In considering each of the prongs of Kane as applied to the third event, we are satisfied that the test of the first prong is met since we cannot regard the incident as falling into the disqualifying category of a stress or strain of the normal work effort. While we appreciate that many urban schools have *145disciplinary problems and that some of these problems are severe, we cannot conclude that having to break up fistfights in a school corridor and then suffering the physical or emotional sequelae thereof are part of the “stress or strain of the normal work effort” of a teacher. It may be part of the stress or strain of the normal work effort of a policeman or a security guard, but we do not regard the hazards of combat as part of the normal stress of public school educators.

The second prong is a bit more difficult to apply. The initial problem is to define precisely what the “object or matter” was “that was the source of the harm.” To a significant degree that object or matter was the fact of the ten students in the isolated hallway cheering on the fisticuffs of the two combatants. To the extent that that scene was the culpable “object or matter,” it is clear that petitioner met it “involuntarily.” A second component of the “object or matter” was petitioner’s loss of control upon coming on that scene. If that loss of control under those circumstances resulted from a psychiatric compulsion set in motion by an already vulnerable psychic condition which itself had been caused by the previous two traumatic events, can it be reasonably said to have been “voluntary” within the meaning of the Kane standard? Perhaps not.
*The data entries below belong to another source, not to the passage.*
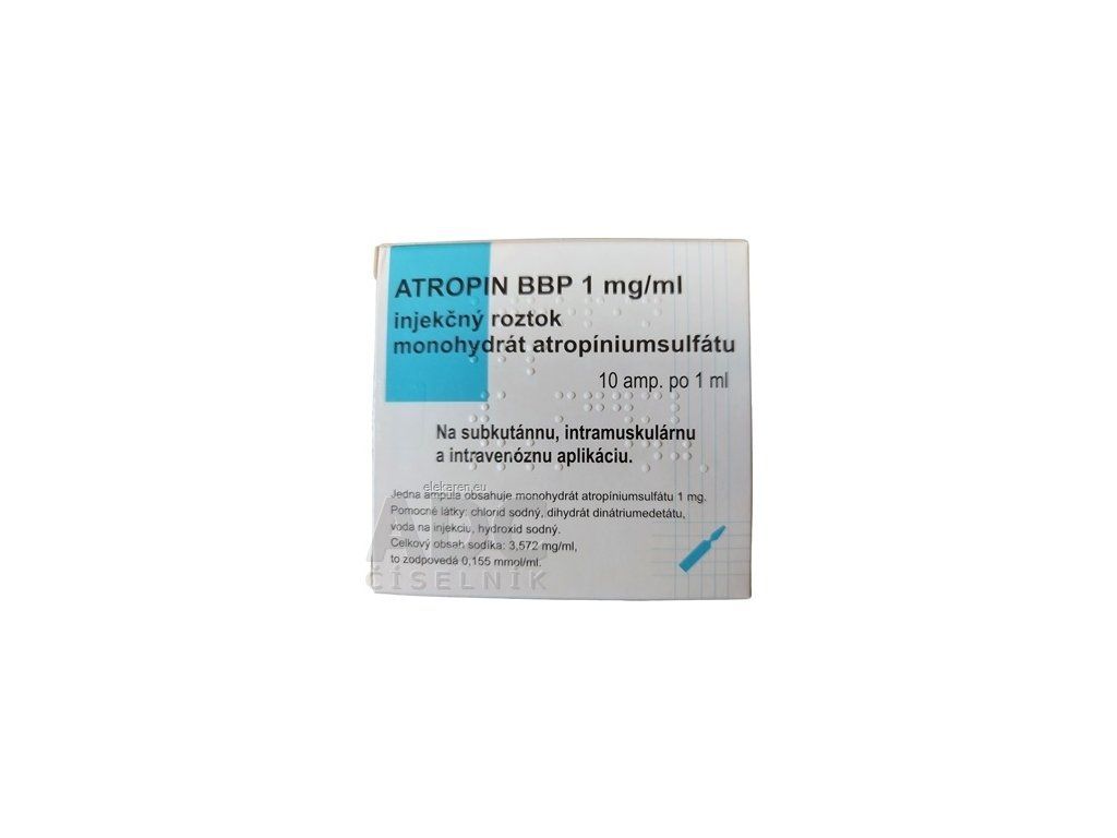 | Názov produktu podľa ŠÚKL: | ATROPIN BBP 1 mg/ml sol inj 10x1 ml/1 mg |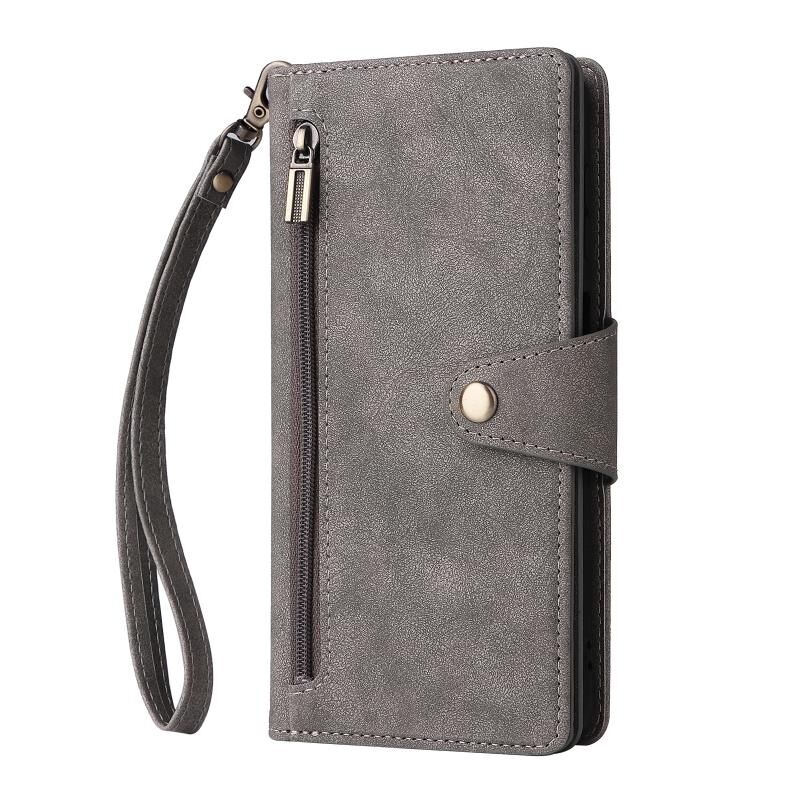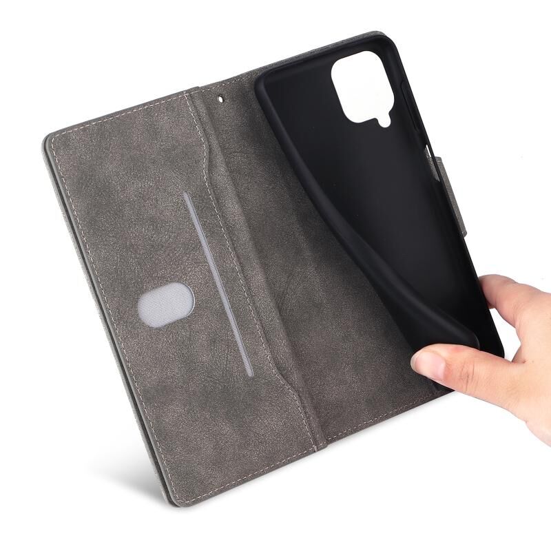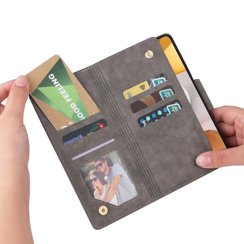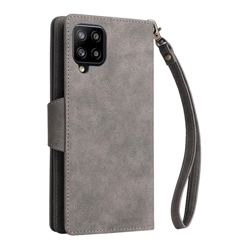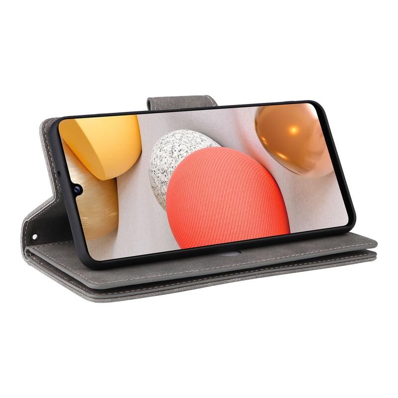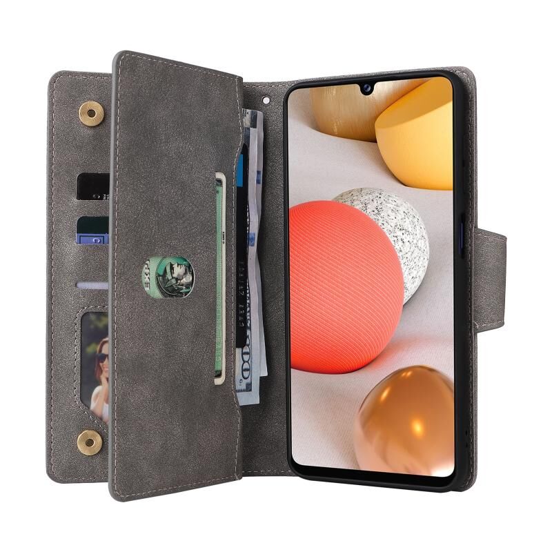 Για Samsung Galaxy A42 5G Rivet πόρπη 9 κάρτες τρεις φορές δερμάτινη θήκη τηλεφώνου (γκρι)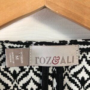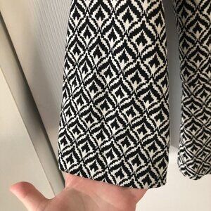 This career jacket is by Roz & Ali. It is black and white with a geometric print. It has an open front and 3/4 length sleeves. It is lightweight and a perfect layering piece to wear to the work office. It is in excellent pre-owned condition with no holes, rips or stains. Bundle with other items from my closet to get the most out of shipping!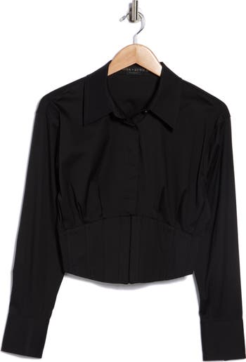 Corset-inspired details lend a sultry vibe to a buttoned shirt cut from low-stretch cotton for a crisp fit with every wear.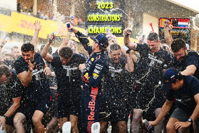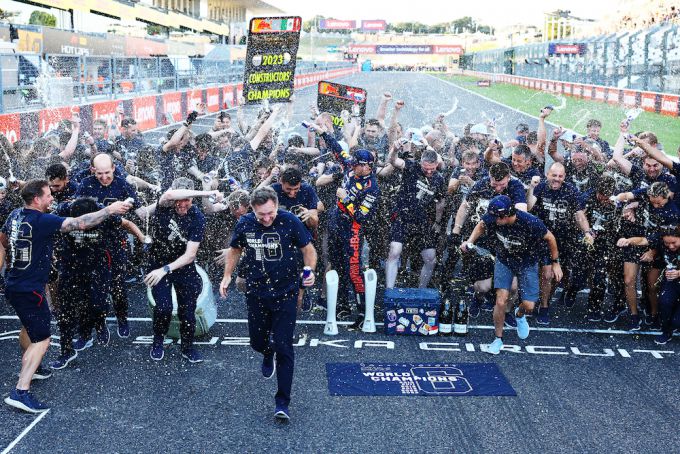FOTO'S: Max Verstappen middelpunt van Red Bull-feestje om constructeurstitel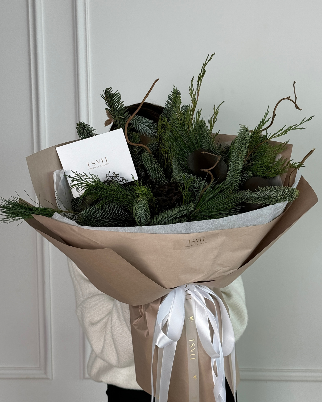 Christmas bouquet made with a base of nobilis, contorta branches, pinus pine, evergreens

The third prong of the standard requires that the source of the injury must have been a great rush of force or uncontrollable power. In applying this standard we must first identify the source of the injury and then we must determine if it meets the criterion of a great rush of force or uncontrollable power. Viewed from at least one possible perspective, the source of the injury can be deemed to have been the fight between the students. If petitioner’s body had been struck as a result of trying to stop the fight, that physical blow, had it caused a physical injury, would clearly have qualified as a great rush of force or uncontrollable power. Here it was petitioner’s mind which was dealt a blow as a consequence of the fight. Thus, if the fight itself constituted a psychic assault which inevitably *146set into motion petitioner’s physical and ultimately devastating psychological responses, it may be viewed as constituting an external uncontrollable power.

We, of course, are not experts in matters affecting the functioning of the mind under abnormal stress and strain. We are, however, satisfied that there are sufficient factual indicia here to require further psychiatric exploration. We, therefore, have no alternative but to remand to the Bóard for further proceedings based upon further psychiatric testimony addressing the questions we have here raised, namely, whether petitioner’s meeting “with the object or matter that was the source of the harm” was in any fair sense involuntary and whether the totality of the events set in motion by his coming upon the fight constituted a psychic stimulus of uncontrollable power.

We, moreover, point out that the shift in the original psychiatric focus which results from a Kane analysis may suggest the need to rethink the nature of the third incident altogether. It is clear that the 1977 event was the major causative contributor to petitioner’s ultimate disability and that the December 1980 event was strongly reinforcing of the psychiatric problems triggered three years earlier. The 1980 event, however, had taken place just before the Christmas-New Year holiday. The third event therefore occurred only several weeks after petitioner’s return to work following the holiday recess. He may well have been still affected by the second event. It may therefore be, in reconsidering the causative question, that the third event, quite apart from its characterization as traumatic within the Kane redefinition, was not a contributing factor at all but gather a symptomatic manifestation of a disability already fixed as a result of the synergistic operation of the first two events. We do not foreclose petitioner, on the remand, from addressing this issue by way of appropriate psychiatric evidence.

We remand to the Board of Trustees for further proceedings consistent herewith.